Working data:
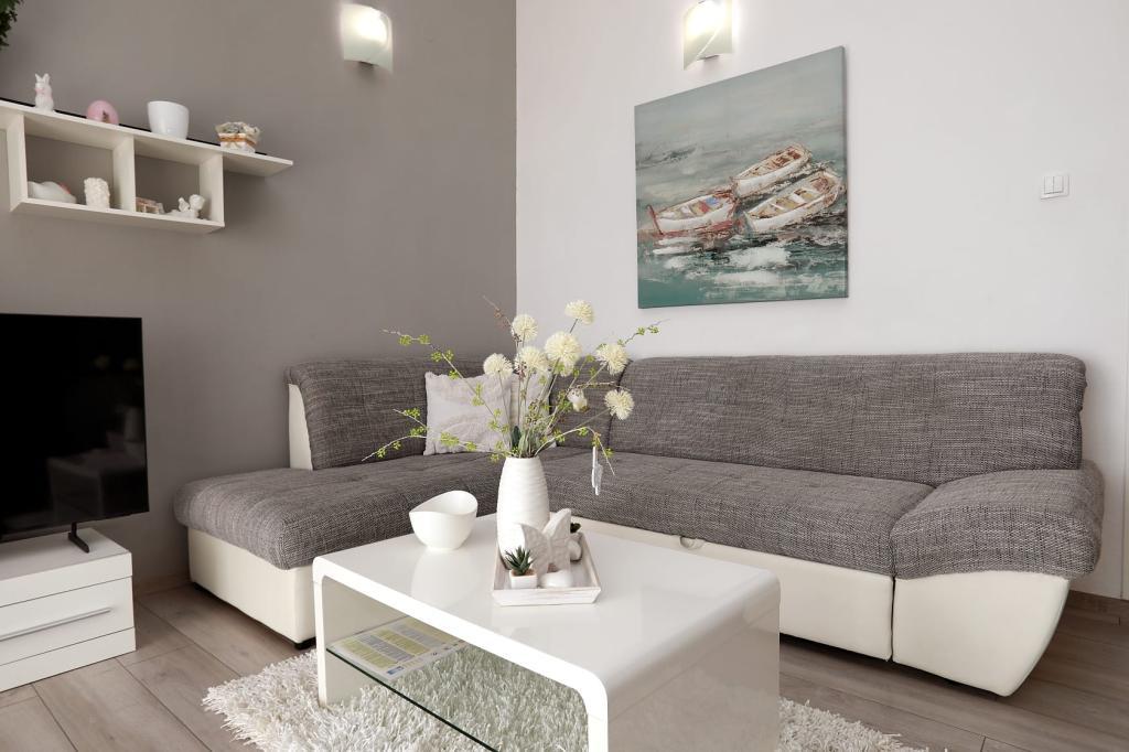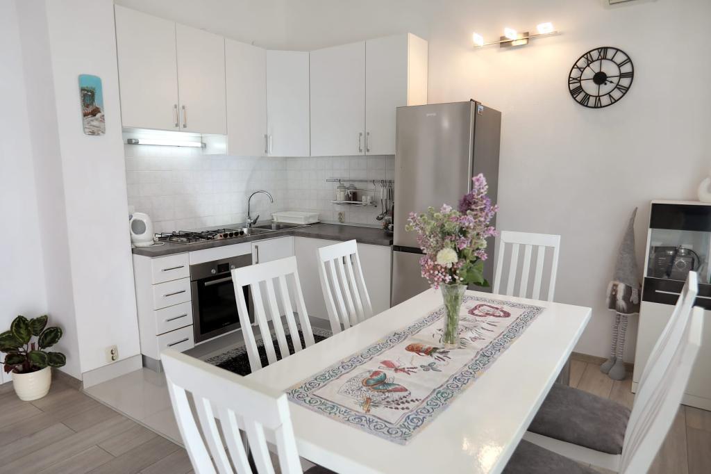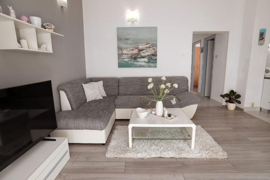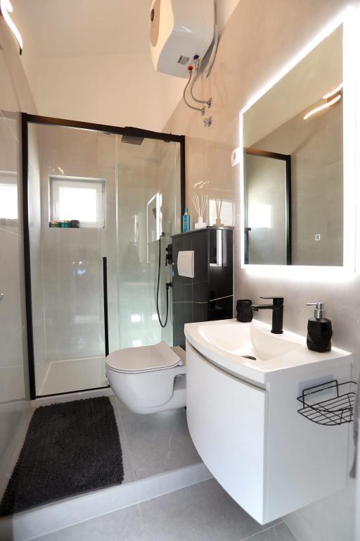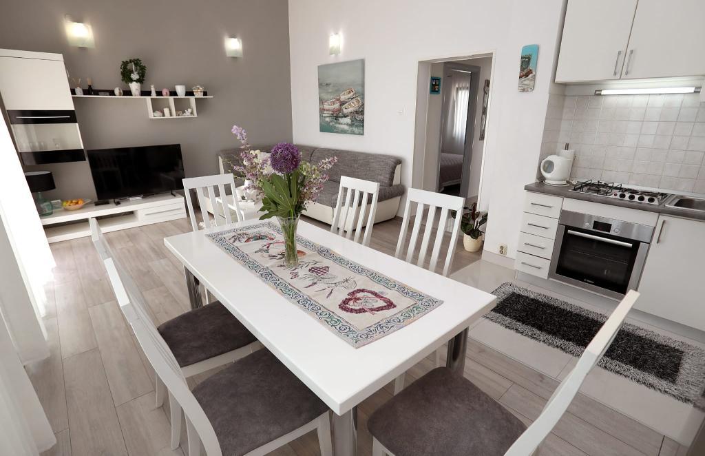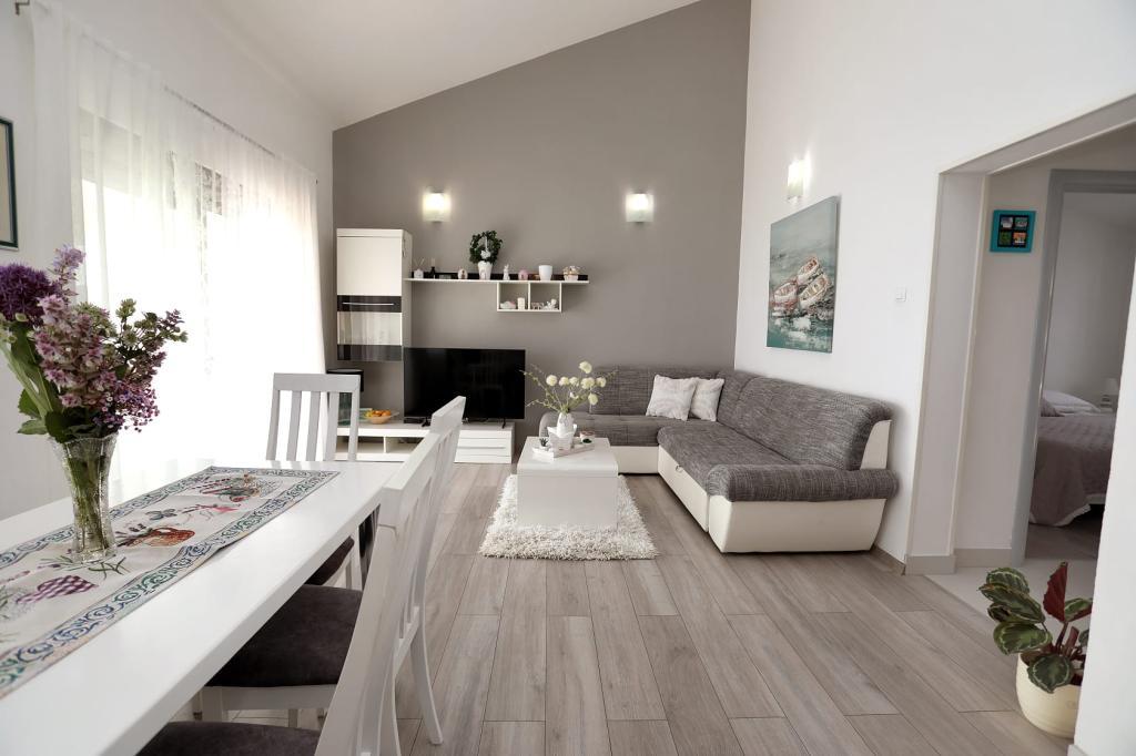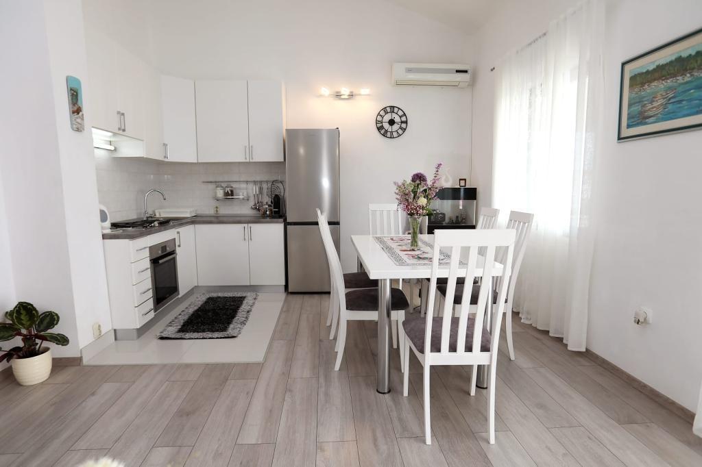 Das Apartment Katija befindet sich in Okrug Gornji, nur 30 m vom Meeresufer entfernt. Unser Apartment bietet eine perfekte Kombination aus Ruhe, Komfort und einem bezaubernden Blick auf zahlreiche dalmatinische Inseln. Es ist ein ideales Reiseziel für Familien, Paare und alle, die Entspannung in einer natürlichen Umgebung suchen, abseits der Massen und dennoch in der Nähe aller notwendigen Annehmlichkeiten. Genießen Sie Ihren Morgenkaffee oder den abendlichen Sonnenuntergang auf Ihrer privaten Terrasse, wo Sie eine atemberaubende Aussicht erwartet. Nur 5 Gehminuten entfernt befindet sich ein gepflegter und kinderfreundlicher Strand mit flachem Wasser und natürlichem Schatten – ideal für einen Familienurlaub. Hauptmerkmale der Wohnung: Nähe zum Meer, Terrasse mit schöner Aussicht, voll ausgestattete Küche mit Essbereich und Wohnzimmer, zwei Schlafzimmer mit Doppelbetten, Badezimmer mit Dusche und grundlegenden Annehmlichkeiten, kostenloses WLAN, Klimaanlage, TV, kostenloser Parkplatz. Egal, ob Sie einen Aktivurlaub planen oder einfach nur Sonne und Meer genießen möchten, unser Apartment im Stadtteil Gornji bietet alles, was Sie für einen unvergesslichen Aufenthalt brauchen.
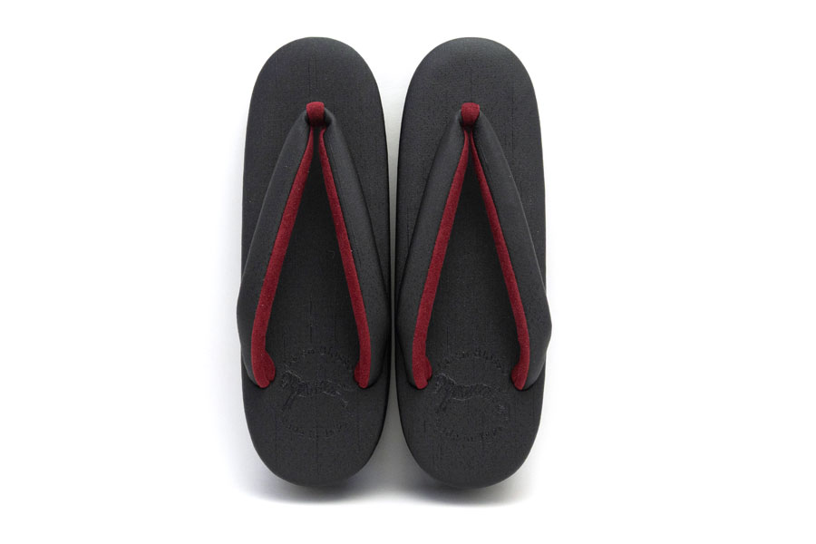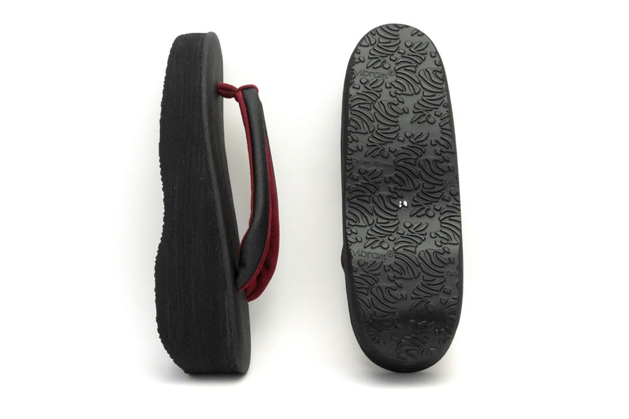 カレンブロッソのEVA台は軽量でクッション性に優れ、滑りにくいという特徴があります。「菱屋」として創業以来培った技術をそのままに、従来の草履 [コルク芯+革底]を[EVA台+ゴム底]に改良。アスファルト舗装やコンクリート舗装など現代の生活環境でも歩きやすいよう実用性をプラスしました。
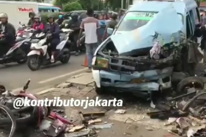 MOTOR Plus-online.com - Tragis, beberapa pengendara motor terluka akibat ditabrak oleh angkot M27 jurusan Pulogadung - Kampung Melayu.
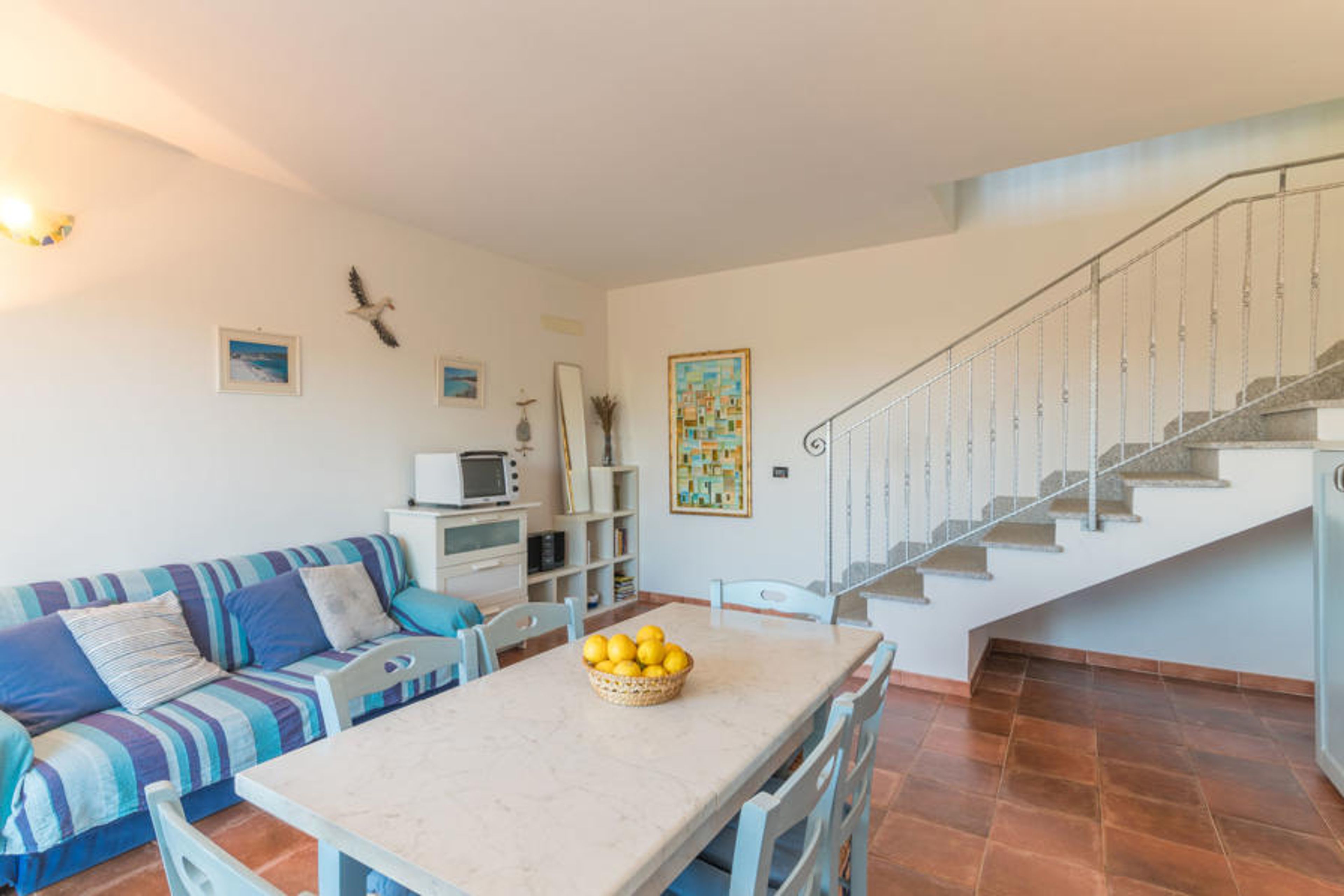 "Capo Testa", 3-room terraced house 83 m2. Comfortable and cosy furnishings: living/dining room with TV. Exit to the terrace. Kitchenette (mini-oven, 4 gas rings, microwave). Shower/bidet/WC. Upper floor: 1 room with 2 beds. Exit to the balcony. 1 double bedroom. Exit to the balcony. Shower/bidet/WC. No heating option. Balcony, terrace partly roofed. Terrace furniture, barbecue (portable). Partial view of the sea and the garden. Facilities: washing machine, iron, children's high chair, baby cot (extra), hair dryer. Parking (1 car). Please note: non-smoking house, parking space for small car only. When there are less than the maximum number of guests staying at the property, not all of the bedrooms will be available for use. IT090063C2000P6312
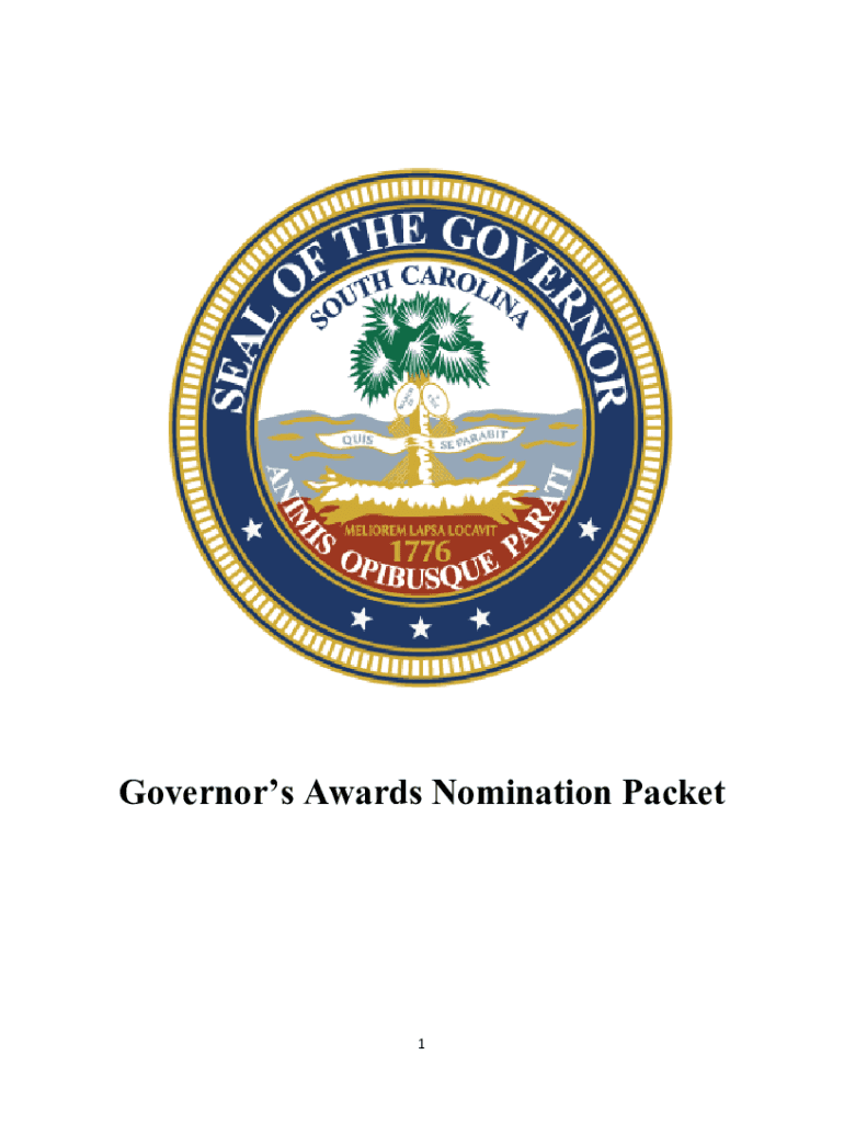 Governor Awards Nomination Packet1Governors Awards The Governor of South Carolina may bestow upon a citizen of the State of South Carolina the Order of the Palmetto, the Order of the Silver Crescent,
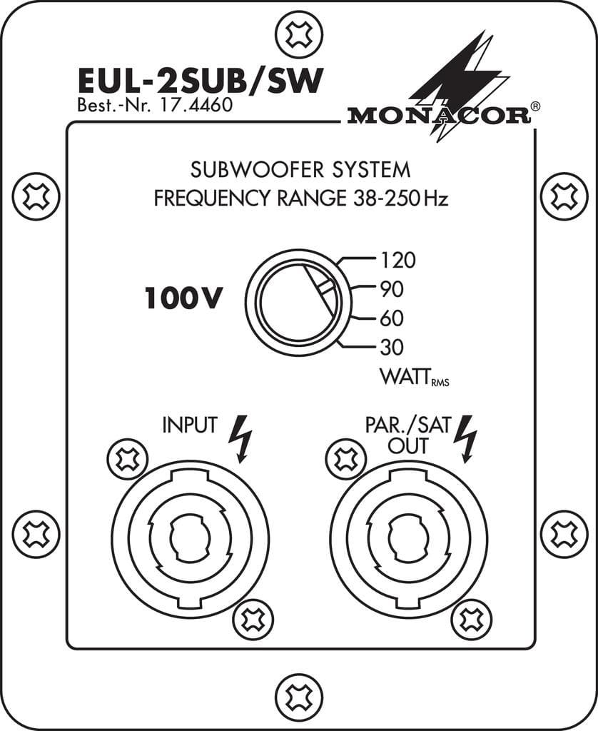 Cette série d'enceintes, y compris les subwoofers, de MONACOR, sert de référence en sonorisation moderne : ébénisteries de grande qualité, laquées, design parfait, légères, stables, puissantes, avec une bonne sonorité et un bon rendement : telles sont les EUL-2... en sono ligne 10 V. De vraies enceintes professionnelles, particulièrement intéressantes de par leur utilisation et leur prix. Subwoofer ligne 100 V

Directions: In the copy, no pictures should appear; the records themselves must be repeated exactly.

Result of this task:
 Das Apartment Katija befindet sich in Okrug Gornji, nur 30 m vom Meeresufer entfernt. Unser Apartment bietet eine perfekte Kombination aus Ruhe, Komfort und einem bezaubernden Blick auf zahlreiche dalmatinische Inseln. Es ist ein ideales Reiseziel für Familien, Paare und alle, die Entspannung in einer natürlichen Umgebung suchen, abseits der Massen und dennoch in der Nähe aller notwendigen Annehmlichkeiten. Genießen Sie Ihren Morgenkaffee oder den abendlichen Sonnenuntergang auf Ihrer privaten Terrasse, wo Sie eine atemberaubende Aussicht erwartet. Nur 5 Gehminuten entfernt befindet sich ein gepflegter und kinderfreundlicher Strand mit flachem Wasser und natürlichem Schatten – ideal für einen Familienurlaub. Hauptmerkmale der Wohnung: Nähe zum Meer, Terrasse mit schöner Aussicht, voll ausgestattete Küche mit Essbereich und Wohnzimmer, zwei Schlafzimmer mit Doppelbetten, Badezimmer mit Dusche und grundlegenden Annehmlichkeiten, kostenloses WLAN, Klimaanlage, TV, kostenloser Parkplatz. Egal, ob Sie einen Aktivurlaub planen oder einfach nur Sonne und Meer genießen möchten, unser Apartment im Stadtteil Gornji bietet alles, was Sie für einen unvergesslichen Aufenthalt brauchen.
 カレンブロッソのEVA台は軽量でクッション性に優れ、滑りにくいという特徴があります。「菱屋」として創業以来培った技術をそのままに、従来の草履 [コルク芯+革底]を[EVA台+ゴム底]に改良。アスファルト舗装やコンクリート舗装など現代の生活環境でも歩きやすいよう実用性をプラスしました。
 MOTOR Plus-online.com - Tragis, beberapa pengendara motor terluka akibat ditabrak oleh angkot M27 jurusan Pulogadung - Kampung Melayu.
 "Capo Testa", 3-room terraced house 83 m2. Comfortable and cosy furnishings: living/dining room with TV. Exit to the terrace. Kitchenette (mini-oven, 4 gas rings, microwave). Shower/bidet/WC. Upper floor: 1 room with 2 beds. Exit to the balcony. 1 double bedroom. Exit to the balcony. Shower/bidet/WC. No heating option. Balcony, terrace partly roofed. Terrace furniture, barbecue (portable). Partial view of the sea and the garden. Facilities: washing machine, iron, children's high chair, baby cot (extra), hair dryer. Parking (1 car). Please note: non-smoking house, parking space for small car only. When there are less than the maximum number of guests staying at the property, not all of the bedrooms will be available for use. IT090063C2000P6312
 Governor Awards Nomination Packet1Governors Awards The Governor of South Carolina may bestow upon a citizen of the State of South Carolina the Order of the Palmetto, the Order of the Silver Crescent,
 Cette série d'enceintes, y compris les subwoofers, de MONACOR, sert de référence en sonorisation moderne : ébénisteries de grande qualité, laquées, design parfait, légères, stables, puissantes, avec une bonne sonorité et un bon rendement : telles sont les EUL-2... en sono ligne 10 V. De vraies enceintes professionnelles, particulièrement intéressantes de par leur utilisation et leur prix. Subwoofer ligne 100 V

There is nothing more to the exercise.